Dataset records:

..............................

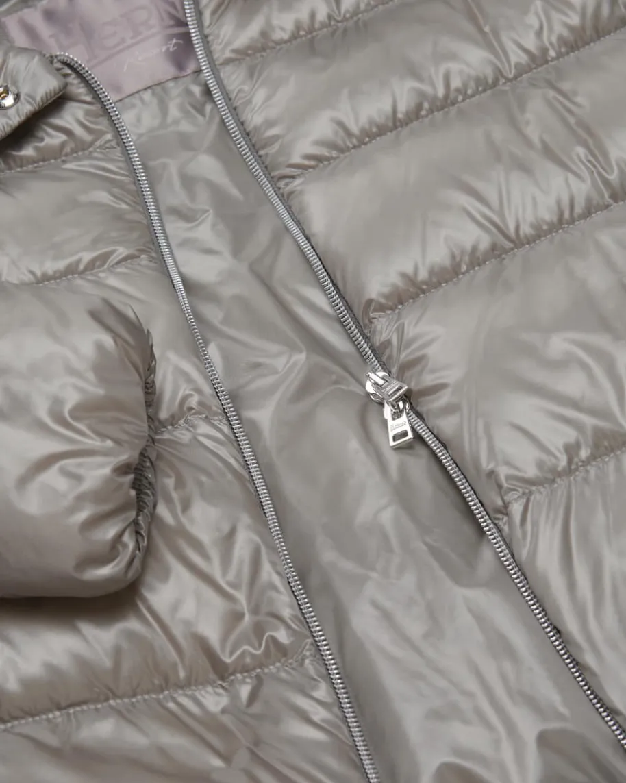 Daunenjacke für Damen von Herno in Grau. Das italienische Premium Label ist seitJahren bekannt für seine besonders leichten Daunenjacken, die mit zeitlossportiven Designs überzeugen. Auch dieses Modell begeistert mit changierenderStepp-Optik sowie hochwertiger Daunen-Feder-Füllung, während der legere, leichtverkürzte Schnitt in cleaner Aufmachung einen modischen Look für kühle Tagekreiert.
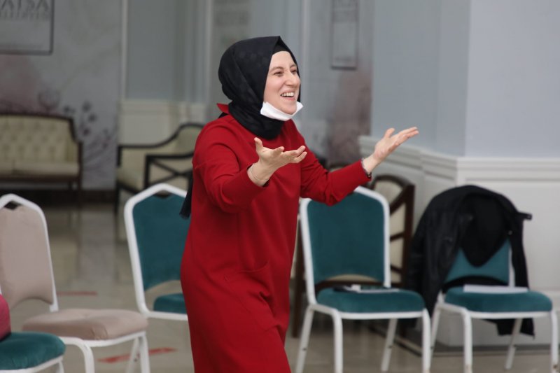 Eğitim sırasında bir konuşma yapan Şahin aile yaşantısında dik yokuşların ve riskli inişlerin olduğunu söyledi. Ailenin olduğu yerde duran, stabil bir kavram olmadığını belirten Drama Eğitmeni Naile Şahin, “Aile ilerleyen, iyi veya kötü anlamda değişen, gelişen bir şeydir. Çabanız ölçüsünde bir yolculuktur ve bu yolculuğun güzel zamanları, hoş manzaraları olduğu gibi; dik yokuşları, riskli inişleri vardır. Yol boyunca iklim değişir, şartlar değişir ama güzel olan bu güzellikleri ve zorlukları tek başınıza değil yoldaşınızla birlikte yaşamanız omuzlanmanızdır. Burdan yola çıkarak “Aile İçi Uyum” ve “İletişimde Kelebek Etkisi” nedir diyerek hayatımıza birer ayna tutmanın önemiyle; mottomuzu “Yaşamda Neyle Karşılaşmak İstiyorsan, Yankısını Oluşturabilmek İçin Bunu Önce Sen Yapmalısın” olarak belirlemeliyiz.
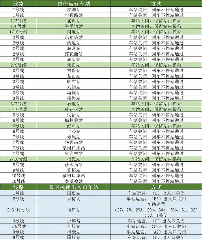 自2022年9月5日起,深圳地铁各线正常运营,同时根据疫情防控需要,部分车站(出入口)将暂停服务(关闭)。
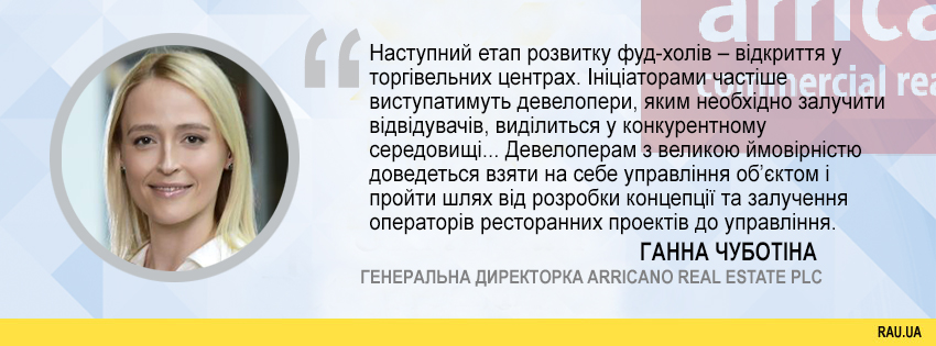 Наступний етап розвитку фуд-холів – відкриття у торгівельних центрах. Ініціаторами частіше виступають девелопери, яким необхідно залучити відвідувачів, виділиться у конкурентному середовищі… Девелоперам з великою ймовірністю доведеться взяти на себе управління об’єктом і пройти шлях від розробки концепції та залучення операторів ресторанних проектів до управління.
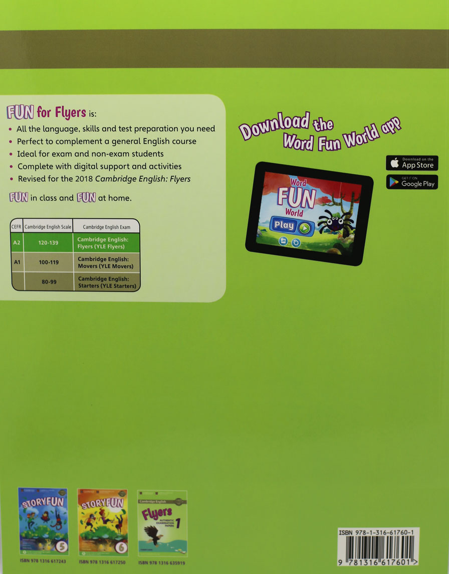 Fourth edition of the full-colour Cambridge English: Young Learners (YLE) preparation activities for all three levels of the test (Starters, Movers, Flyers) updated to reflect the new revised specifications which will be out in January 2018. Fun for Flyers Student's Book provides full-colour preparation for Cambridge English: Flyers. Fun activities balanced with exam-style questions practise all the areas of the syllabus in a communicative way and support young learners in the areas they find most difficult. Listening material to accompany the Student's Book is available online for download or as a separate Audio CD. Grammar and vocabulary activities get students practising online in their own time via an access code in the book. The Home Fun Booklet allows students to practice vocabulary at home.
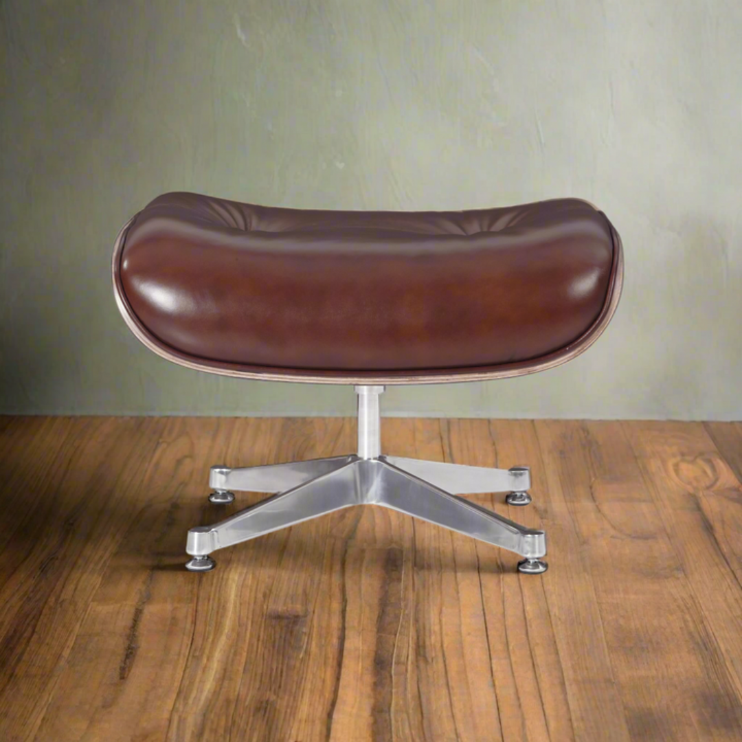 The Replica Eames Lounge Chair and Ottoman comes in several wood finishes: Rosewood, Walnut Wood, and Teak Wood. The ottoman enhances the comfort and visual appeal of the chair. The aluminum base is polished for a modern look, and the ottoman has a 4-star base for added style.
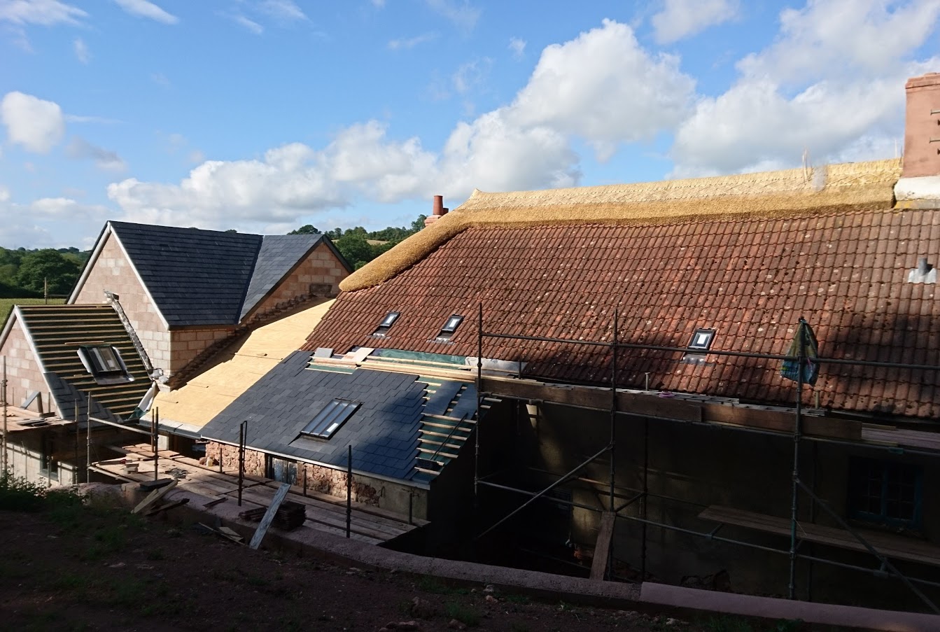 We have been thatching from early till late, these long summer days, working over in the Quantocks on a stone and cob house that is being completely redeveloped. Although there is a deadline that has to be met as some other trades can’t start till we finish, it has been fun to work on a building site again. Usually it’s just me and Daisy on the roof debating this matter or that following whatever has just aired on Radio 4, but with the carpenter’s radio set to ‘Heart’ and plenty of banter between all of us, we’re about 5 weeks adrift of any current affairs. Except the cricket, about which the builder is passionate, so we are more up to date than perhaps we thought we needed to be on that one! There are other differences from working for a private client: Health and Safety is more of a challenge with so many more people on site, and more coming and going on the scaffold, and although part of this means keeping everything tidy, it’s not the same as trying to keep a customer’s garden from the worst ravages of feet, tools and waste reed that seems to weave it’s way through every delicate plant. We can work whatever hours we like with no fear of interrupting a weekend’s peace, although conversely that means we’ve not had a full weekend off for some while. All in all it feels good to be part of a bigger team working to a common goal, and most days have in them much laughter and plenty of tea.
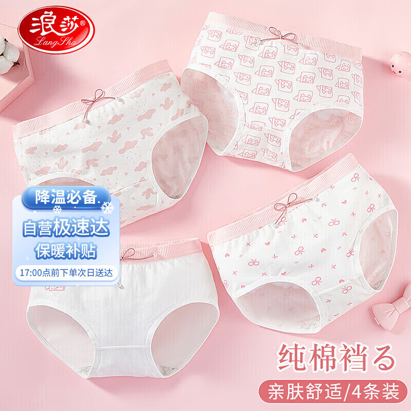 浪莎儿童内裤女童内裤学生成长期三角少女内裤中大童女孩4条装内裤150
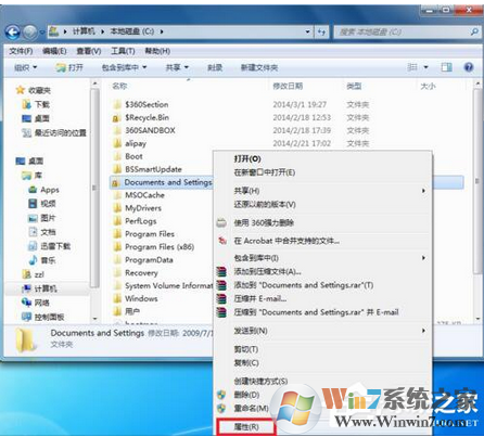 1、左鍵點(diǎn)擊Documents and Settings文件夾,選中,然后點(diǎn)擊右鍵,選擇屬性,
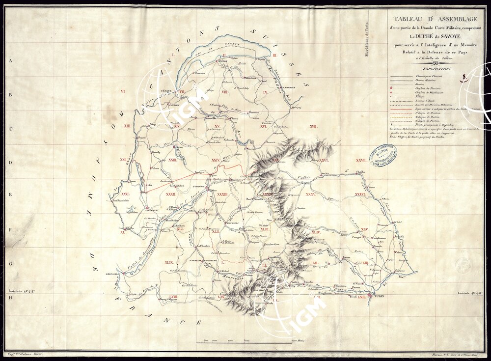 Il quadro d’unione reca in numeri romani la numerazione delle singole carte; ma la relativa carta non esiste presso l’Istituto Geografico Militare. Il territorio comprende il Ducato di Savoia più la parte del Piemonte compresa fra le due Dora e il Po. E’ stato eseguito dal Sig. Burzio Architetto e diretto dal Capitano Salasco.

..............................

WORK REQUEST: From the first line to the last, write out the data above exactly. Omit the pictures.

SOLVED EXERCISE:
 Daunenjacke für Damen von Herno in Grau. Das italienische Premium Label ist seitJahren bekannt für seine besonders leichten Daunenjacken, die mit zeitlossportiven Designs überzeugen. Auch dieses Modell begeistert mit changierenderStepp-Optik sowie hochwertiger Daunen-Feder-Füllung, während der legere, leichtverkürzte Schnitt in cleaner Aufmachung einen modischen Look für kühle Tagekreiert.
 Eğitim sırasında bir konuşma yapan Şahin aile yaşantısında dik yokuşların ve riskli inişlerin olduğunu söyledi. Ailenin olduğu yerde duran, stabil bir kavram olmadığını belirten Drama Eğitmeni Naile Şahin, “Aile ilerleyen, iyi veya kötü anlamda değişen, gelişen bir şeydir. Çabanız ölçüsünde bir yolculuktur ve bu yolculuğun güzel zamanları, hoş manzaraları olduğu gibi; dik yokuşları, riskli inişleri vardır. Yol boyunca iklim değişir, şartlar değişir ama güzel olan bu güzellikleri ve zorlukları tek başınıza değil yoldaşınızla birlikte yaşamanız omuzlanmanızdır. Burdan yola çıkarak “Aile İçi Uyum” ve “İletişimde Kelebek Etkisi” nedir diyerek hayatımıza birer ayna tutmanın önemiyle; mottomuzu “Yaşamda Neyle Karşılaşmak İstiyorsan, Yankısını Oluşturabilmek İçin Bunu Önce Sen Yapmalısın” olarak belirlemeliyiz.
 自2022年9月5日起,深圳地铁各线正常运营,同时根据疫情防控需要,部分车站(出入口)将暂停服务(关闭)。
 Наступний етап розвитку фуд-холів – відкриття у торгівельних центрах. Ініціаторами частіше виступають девелопери, яким необхідно залучити відвідувачів, виділиться у конкурентному середовищі… Девелоперам з великою ймовірністю доведеться взяти на себе управління об’єктом і пройти шлях від розробки концепції та залучення операторів ресторанних проектів до управління.
 Fourth edition of the full-colour Cambridge English: Young Learners (YLE) preparation activities for all three levels of the test (Starters, Movers, Flyers) updated to reflect the new revised specifications which will be out in January 2018. Fun for Flyers Student's Book provides full-colour preparation for Cambridge English: Flyers. Fun activities balanced with exam-style questions practise all the areas of the syllabus in a communicative way and support young learners in the areas they find most difficult. Listening material to accompany the Student's Book is available online for download or as a separate Audio CD. Grammar and vocabulary activities get students practising online in their own time via an access code in the book. The Home Fun Booklet allows students to practice vocabulary at home.
 The Replica Eames Lounge Chair and Ottoman comes in several wood finishes: Rosewood, Walnut Wood, and Teak Wood. The ottoman enhances the comfort and visual appeal of the chair. The aluminum base is polished for a modern look, and the ottoman has a 4-star base for added style.
 We have been thatching from early till late, these long summer days, working over in the Quantocks on a stone and cob house that is being completely redeveloped. Although there is a deadline that has to be met as some other trades can’t start till we finish, it has been fun to work on a building site again. Usually it’s just me and Daisy on the roof debating this matter or that following whatever has just aired on Radio 4, but with the carpenter’s radio set to ‘Heart’ and plenty of banter between all of us, we’re about 5 weeks adrift of any current affairs. Except the cricket, about which the builder is passionate, so we are more up to date than perhaps we thought we needed to be on that one! There are other differences from working for a private client: Health and Safety is more of a challenge with so many more people on site, and more coming and going on the scaffold, and although part of this means keeping everything tidy, it’s not the same as trying to keep a customer’s garden from the worst ravages of feet, tools and waste reed that seems to weave it’s way through every delicate plant. We can work whatever hours we like with no fear of interrupting a weekend’s peace, although conversely that means we’ve not had a full weekend off for some while. All in all it feels good to be part of a bigger team working to a common goal, and most days have in them much laughter and plenty of tea.
 浪莎儿童内裤女童内裤学生成长期三角少女内裤中大童女孩4条装内裤150
 1、左鍵點(diǎn)擊Documents and Settings文件夾,選中,然后點(diǎn)擊右鍵,選擇屬性,
 Il quadro d’unione reca in numeri romani la numerazione delle singole carte; ma la relativa carta non esiste presso l’Istituto Geografico Militare. Il territorio comprende il Ducato di Savoia più la parte del Piemonte compresa fra le due Dora e il Po. E’ stato eseguito dal Sig. Burzio Architetto e diretto dal Capitano Salasco.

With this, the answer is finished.